Treatment will be free of cost, with patients paying only for the medicines. “In Manipur, medicines make up 10-15 per cent of the total cost if you’re admitted and require prolonged treatment at a standard private facility. That’s the only cost our patients will have to pay,” says Surjit, describing the model on which hospital will run.
“We are planning to pay the salaries for nurses, a pharmacist, and cleaners from the revenue generated by medicine sales. For doctors, the salary will come from our pockets in the first six months. We are planning to generate revenue from home sample collections, sale of medical devices and equipment, besides opening a chain of pharmacies across villages in Manipur, where people usually buy medicines from small department stores that aren’t run by qualified/certified pharmacists,” says Kumarjeet.
Solar Power & Digital Literacy
The story of the brothers’ contribution in their home state began in 2012, when Surjit returned to Imphal and founded his first company Mangaal Rural to start solar projects in Manipur. His first project was in Atom Khuman, a small village in Imphal West district with 36 households.
“Mangaal Rural lit up all the homes. Even their local temple and playgrounds enjoyed its fruits. It was the first 100 per cent solar-powered village in Northeast India and we provided solar energy equipment free of cost. I spent Rs 5 lakh out of my pocket to turn Atom Khuman into a solar village. The motivation behind taking up this initiative was to ensure such villages don’t suffer the curse of load shedding,” says Surjit.
In other villages like Chairel, Thoubal district, the company offered solar power equipment and set the plant up at a nominal price powering 5,000 homes with solar across Manipur.
“Following our solar initiative, we went onto work in digital literacy.
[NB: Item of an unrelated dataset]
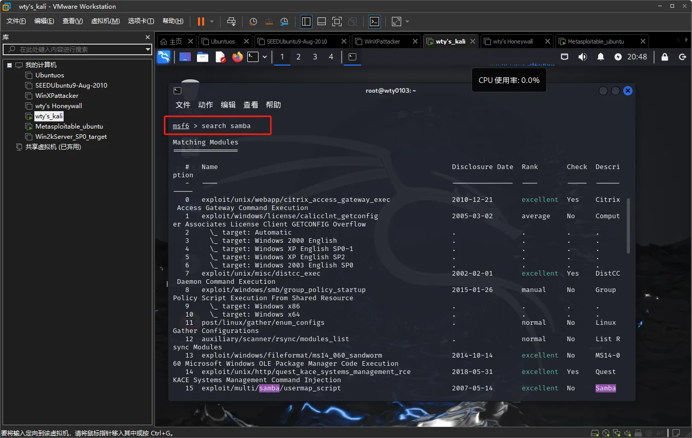 输入命令search samba查找要使用的漏洞模块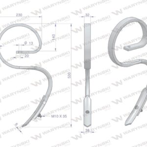 Ząb sprężynowy prosty duński 550mm 32×10 waryński

I wanted to popularise the idea of using the internet. A major achievement was turning Nungthaang Tampak, a small village located 65 kms away from Imphal with a population of around 200 people, into the Northeast’s first computer literate village,” he adds.
Kumarjeet offered offline support to his brother’s ventures. Nonetheless, there came a time when Surjit needed funds to support his other ventures. Closing Mangaal Rural down, he opened Yelhoumee Enterprises on 23 May 2018, which also saw the return of both brothers to join the business.
The core business at Yelhoumee Enterprises is selling their brand’s LED TVs in Manipur. Their objective is to open the first LED TV assembling unit in Manipur by 2020.
Later, the brothers started the Digital Yelhoumee initiative to further their previous work of raising computer literacy in the state. Under the project, ‘Digital Yelhoumee – Laptop for every Yelhoumee’, they have distributed more than 200 laptops on easy instalments. Their aim is to make Manipur the first 100 per cent ‘Computer Literate State’.
Furthermore, the brothers are conducting computer classes for local government school students in Sugnu town, Kakching district.
“We have plans to work with Meria Pabis, an influential women-led civil society organisation, to control drug and alcohol consumption by the youth. We want to impart computer education to them at a nominal fee of Rs 100 per month instead of allowing them to just sit through the night. Another initiative we will start soon is home tutoring in computer literacy for senior citizens,” informs Surjit.
“We want to do business that has a positive impact on society. While making some money through computer literacy programmes and solar energy projects, we are also bringing positive change to the lives of people,” says Surjit.